Scooby has rich formatting for Jupyter notebooks and rich text formatting for just about every other environment. We designed this module to be lightweight such that it could easily be added as a dependency to Python projects for environment reporting when debugging. Simply add scooby to your dependencies and implement a function to have scooby report on the aspects of the environment you care most about.

Is scooby unable to detect aspects of an environment that you'd like to know? We absolutely welcome feature requests and pull requests, so let us know what you think!

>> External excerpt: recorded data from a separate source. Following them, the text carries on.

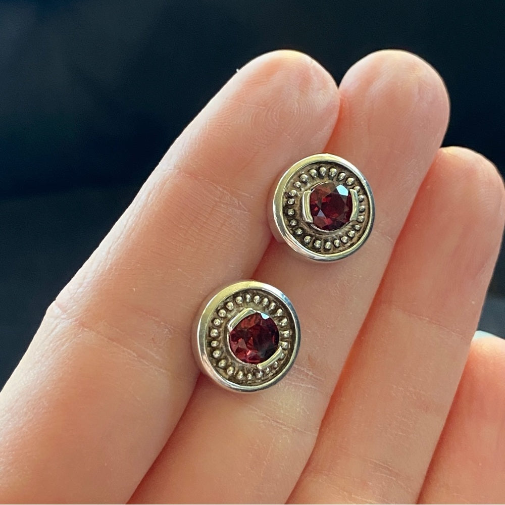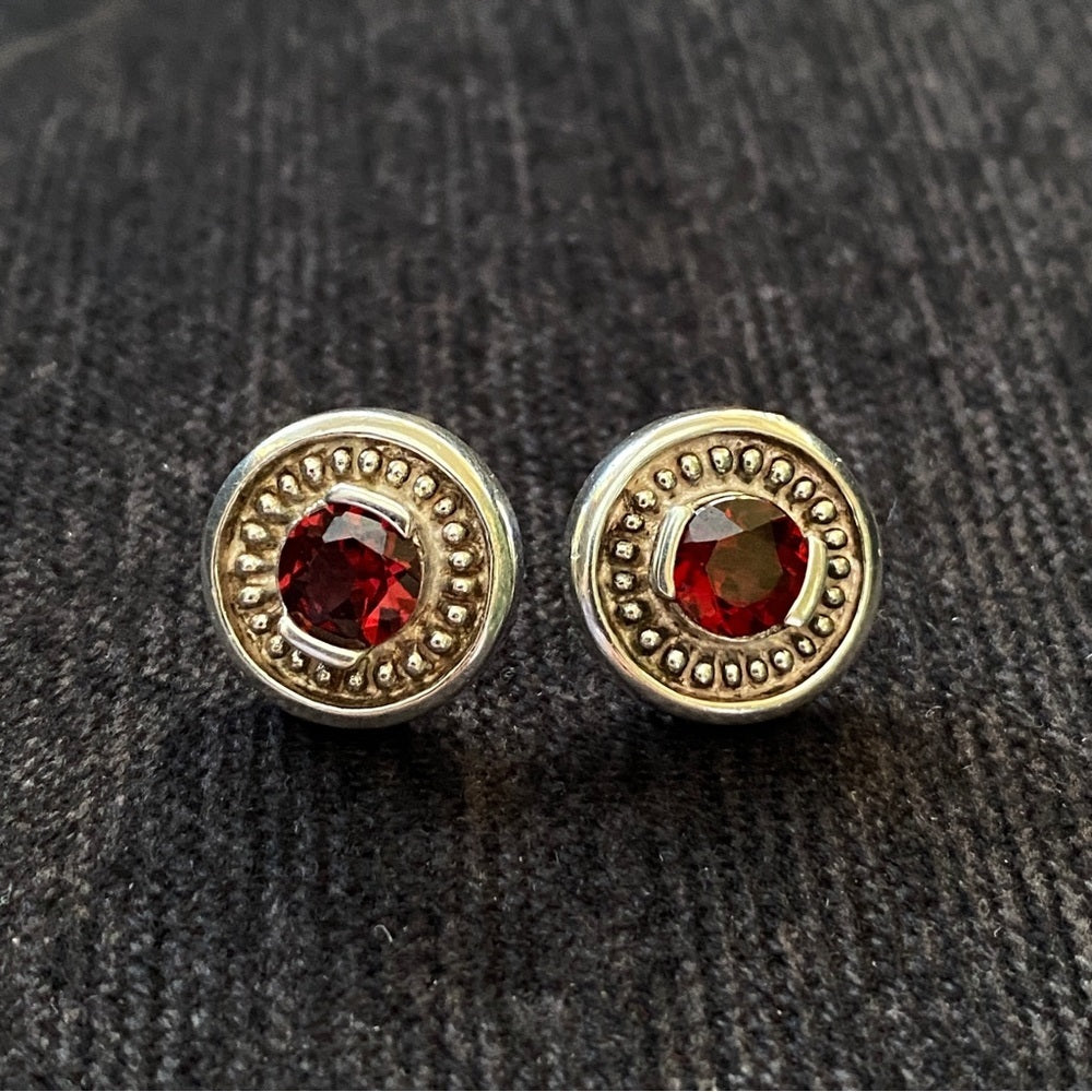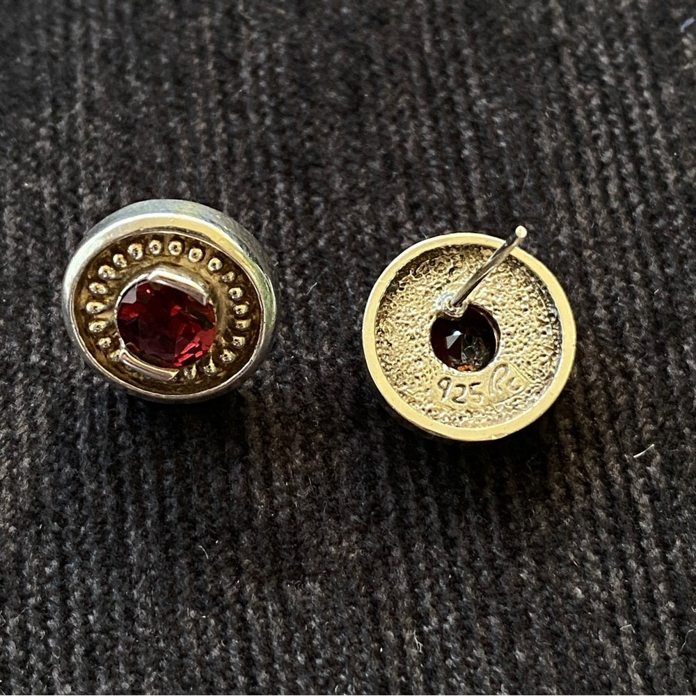 Vintage Garnet Stud Earrings set in Silver Marked 925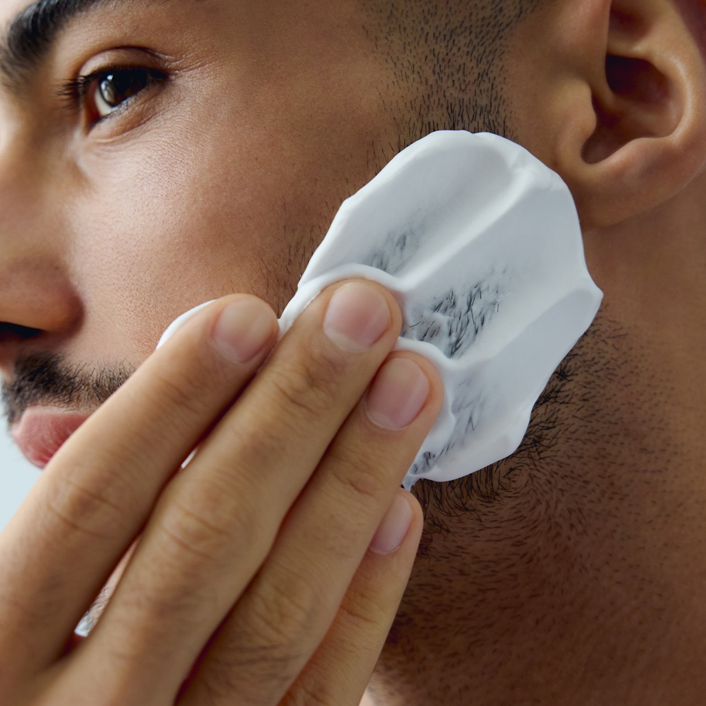 After shaving, rinse your face with lukewarm water. Dry your skin by patting it gently with a towel, avoiding rubbing as this can further irritate the skin, and then apply a post-shave balm.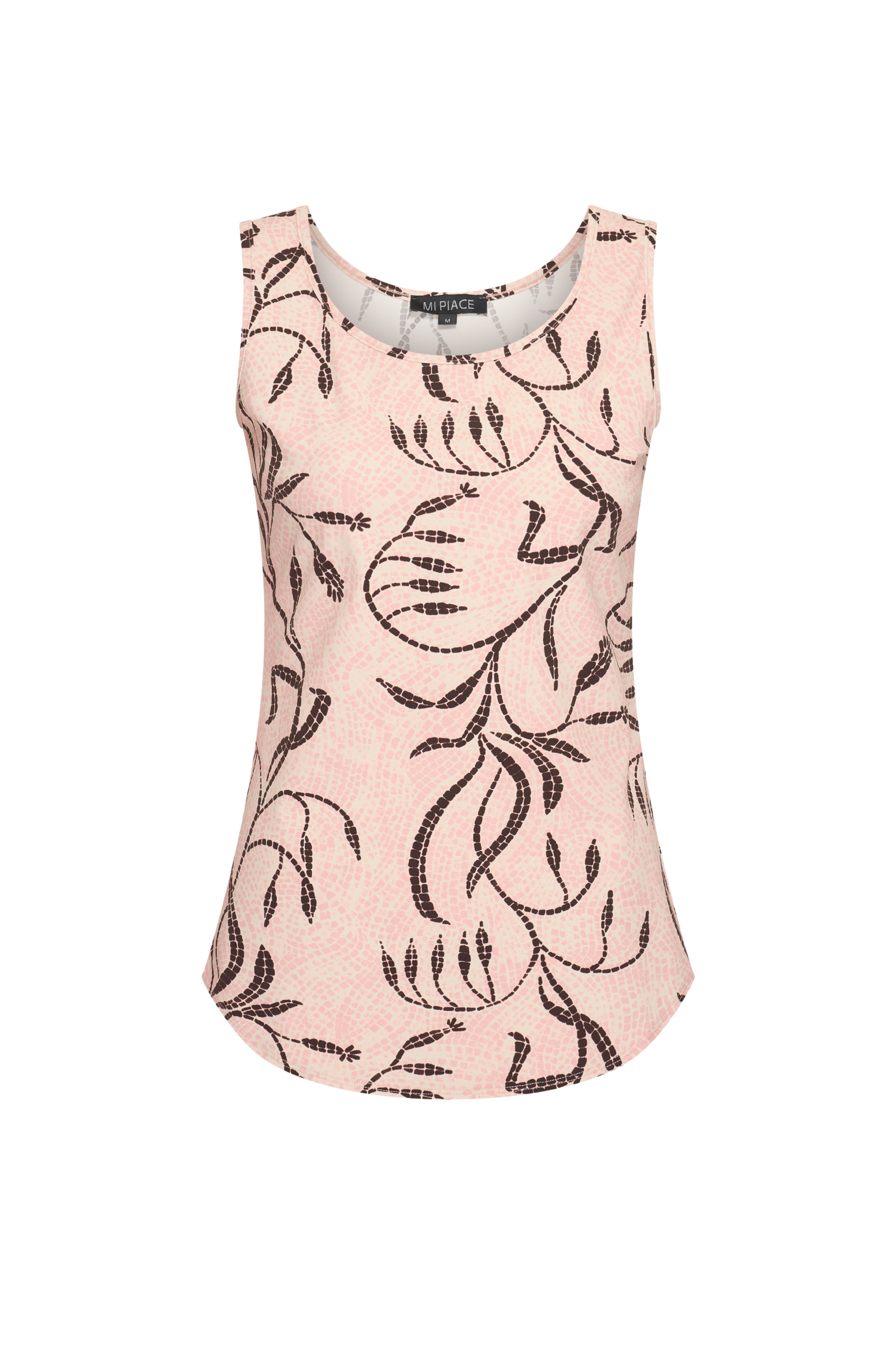Travel Top Twilight Twigs Print Mellow Rose van Mi Piace is een vrouwelijke eyecatcher met een speelse grafische print. De mouwloze snit en comfortabele travelstof zorgen voor een luchtige en stijlvolle top die je moeiteloos combineert.

This work is derived from Dieter Werthmuller's work towards creating a version reporting tool for the empymod and SimPEG projects. This package has been altered to create a lightweight, pure Python implementation with no non-standard dependencies so that it can easily be used as an environment reporting tool in any Python library with minimal impact.

Usage

This is a toolset to easily report your Python environment's package versions and hardware resources. Usage is simply:

>>> import scooby
>>> scooby.Versions()

------------------------------------------------------
  Tue Jun 25 13:10:46 2019 MDT

         Darwin : OS
             12 : CPU(s)
         1.16.3 : numpy
          1.3.0 : scipy
          7.5.0 : IPython
          3.1.0 : matplotlib

  3.7.3 | packaged by conda-forge | (default, Mar 27
  2019, 15:43:19)  [Clang 4.0.1
  (tags/RELEASE_401/final)]

  Intel(R) Math Kernel Library Version 2018.0.3
  Product Build 20180406 for Intel(R) 64
  architecture applications
------------------------------------------------------

But you can also add addtional packages too if you'd like via the addtional keyword argument:

>>> scooby.Versions(additional='pyvista')

------------------------------------------------------
  Tue Jun 25 13:13:37 2019 MDT

         Darwin : OS
             12 : CPU(s)
         1.16.3 : numpy
          1.3.0 : scipy
          7.5.0 : IPython
          3.1.0 : matplotlib
         0.20.4 : pyvista

  3.7.3 | packaged by conda-forge | (default, Mar 27
  2019, 15:43:19)  [Clang 4.0.1
  (tags/RELEASE_401/final)]

  Intel(R) Math Kernel Library Version 2018.0.3
  Product Build 20180406 for Intel(R) 64
  architecture applications
------------------------------------------------------

Or maybe you want a whole bunch of additional packages:

>>> scooby.Versions(additional=['pyvista', 'vtk', 'appdirs',])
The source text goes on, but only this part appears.